Erneuerung NVIS Zulassung Airbus H145

Durch den Einbau neuer taktischer Funkgeräte in vier verschiedene Hubschrauber war eine neue NVIS Zulassung erforderlich. Zwei Ingenieure der SPAES waren für die Tests beim Kunden vor Ort.

Für die Kommunikation zwischen den Piloten und den Rettungskräften am Boden wurden taktische Funkgeräte in die Hubschrauber des Kunden nachgerüstet. Mit dem Umbau erlosch die bestehende NVIS Zulassung der vier Hubschrauber unter anderem des Typs H145. Für die neue Zulassung führte SPAES die dafür erforderlichen Bodentests im kundeneigenen Hangar durch.
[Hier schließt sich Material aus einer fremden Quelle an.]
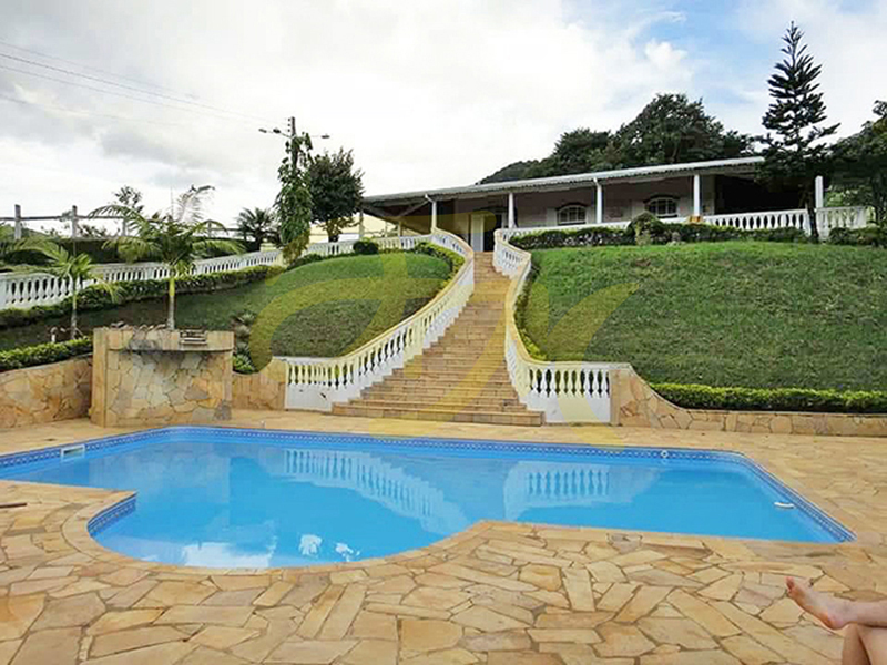 Belíssima chácara com casa estilo colonial avarandada, com 225,00 m² de área construída, com 3 dormitórios, sendo 1 suíte, banheiro social, cozinha, sala de estar, sala de jantar, sala de TV; salão de festa com 325,00 m² de cobertura, com cozinha, quarto de hóspedes, churrasqueira, piscina com prainha e cascata; área para campo, lavanderia, canil, quarto de ferramentas. Acesso em bloquete. A 6 km da Rodovia Fernão Dias. |

Bei den Tests wurde die Tages- und Nachtlesbarkeit überprüft. Hierbei wird die Lichtquellenstärke der Avionik im Cockpit mit angeschalteten NVIS Brillen untersucht. Um eine Zulassung zu erhalten ist es wichtig, dass die elektronischen Komponenten beim Einsatz der NVIS Brillen den Piloten in seiner Sicht nicht blenden und keine Reflektion verursachen. Alle Geräte müssen bei unterschiedlichen Lichtstärkenverhältnissen lesbar sein. Als Testinstrumente werden ein Luxmeter und eine Tri-bar Chart eingesetzt. Während des Tests wird der Hangar vollständig verdunkelt.
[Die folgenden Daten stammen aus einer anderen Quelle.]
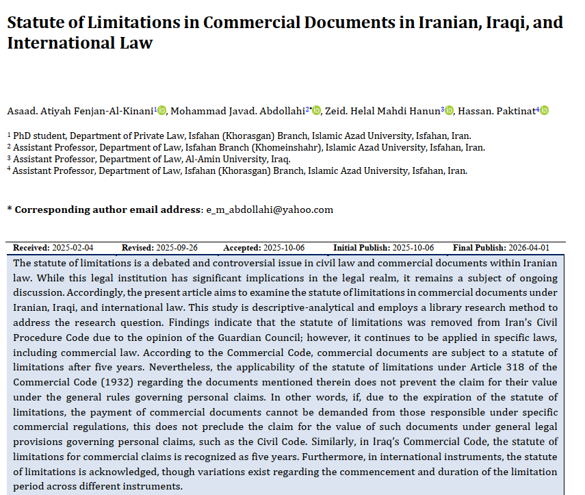 The statute of limitations is a debated and controversial issue in civil law and commercial documents within Iranian law. While this legal institution has significant implications in the legal realm, it remains a subject of ongoing discussion. Accordingly, the present article aims to examine the statute of limitations in commercial documents under Iranian, Iraqi, and international law. This study is descriptive-analytical and employs a library research method to address the research question. Findings indicate that the statute of limitations was removed from Iran’s Civil Procedure Code due to the opinion of the Guardian Council; however, it continues to be applied in specific laws, including commercial law. According to the Commercial Code, commercial documents are subject to a statute of limitations after five years. Nevertheless, the applicability of the statute of limitations under Article 318 of the Commercial Code (1932) regarding the documents mentioned therein does not prevent the claim for their value under the general rules governing personal claims. In other words, if, due to the expiration of the statute of limitations, the payment of commercial documents cannot be demanded from those responsible under specific commercial regulations, this does not preclude the claim for the value of such documents under general legal provisions governing personal claims, such as the Civil Code. Similarly, in Iraq’s Commercial Code, the statute of limitations for commercial claims is recognized as five years. Furthermore, in international instruments, the statute of limitations is acknowledged, though variations exist regarding the commencement and duration of the limitation period across different instruments.

„Um unter realistischen Bedingungen testen zu können werden die Tests nachts durchgeführt. Ein vollständiges Verdunkeln des Hangars ist aufgrund von bestehenden Lichtlecks nur schwer möglich.“ erklärt Joachim Schanz, Geschäftsführer der SPAES.

Alle vier Tests an den Hubschraubern konnten erfolgreich durchgeführt und abgeschlossen werden.

„Aufgrund der Überprüfung und der neuen NVIS Zulassung ist sichergestellt, dass es zu keinen Einschränkungen bei der Verwendung der Nachtsichtbrillen kommt.“ kommentiert Joachim Kies, Leiter operatives Geschäft, abschließend das Projekt.

Nach Durchführung der Tests wurde ein Minor Change durch die SPAES ausgestellt.